Excerpts from Durham Goode's message of 2016-09-30 08:31:17 -0700:
> On 9/30/16 8:20 AM, Jun Wu wrote:
> > Suppose the repo has linear history, the only reason we need .d walk is
> > because of obsoleted changesets.
> I don't think we can assume the repo is linear though.  Even for a repo 
> without merges, if a user performs a graft onto a release branch, that 

note: I should have added "single head" as a requirement of being "linear". 
But the approach should be helpful even if the repo is not linear, see
below.

> can result in duplicate linkrevs without any obs markers being created. 
> (and at that point we can't blindly rewrite the linkrev if a future obs 
> marker comes along, because we don't know what other commits have file 
> nodes that use that linkrev).

If we do nothing when obs markers are being created and filerev points to
obsoleted changesets, we will *always* fallback to .d walk later. This
change will reduce the chance from "always" to "maybe".
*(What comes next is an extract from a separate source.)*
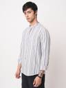 The Blue & White Vertical Stripes Mandarin Shirt from Vastrado brings together charm and modern comfort in one stunning piece. This shirt is made from 100% cotton that feels smooth and breathable on your skin. The subtle color & striped pattern add a festive shine, making it perfect for casual occasions where you still want to stand out. Full sleeves and a stylish high-neck collar give it a unique and fashionable edge. Whether you're heading to a chilled gathering or just stepping out in style, this shirt makes dressing up effortless. Its vibrant look pairs well with jeans, trousers, or ethnic lowers. Available in multiple sizes to suit every body type and preference.

The graft case is a valid concern. But it could be detected easily: only
rewrite the linkrev to the successor, if the successor modifies (introduces)
the file. That's just a quick "if file in changelog[succ].files" test.
Otherwise we can either do a .d walk (should be cheaper than usually as we
expect the first changeset modifying the file will match, if the history is
linear) or do not rewrite the linkrev this time for better perf (i.e.
assuming the graft case happens much less common then the obsolete case).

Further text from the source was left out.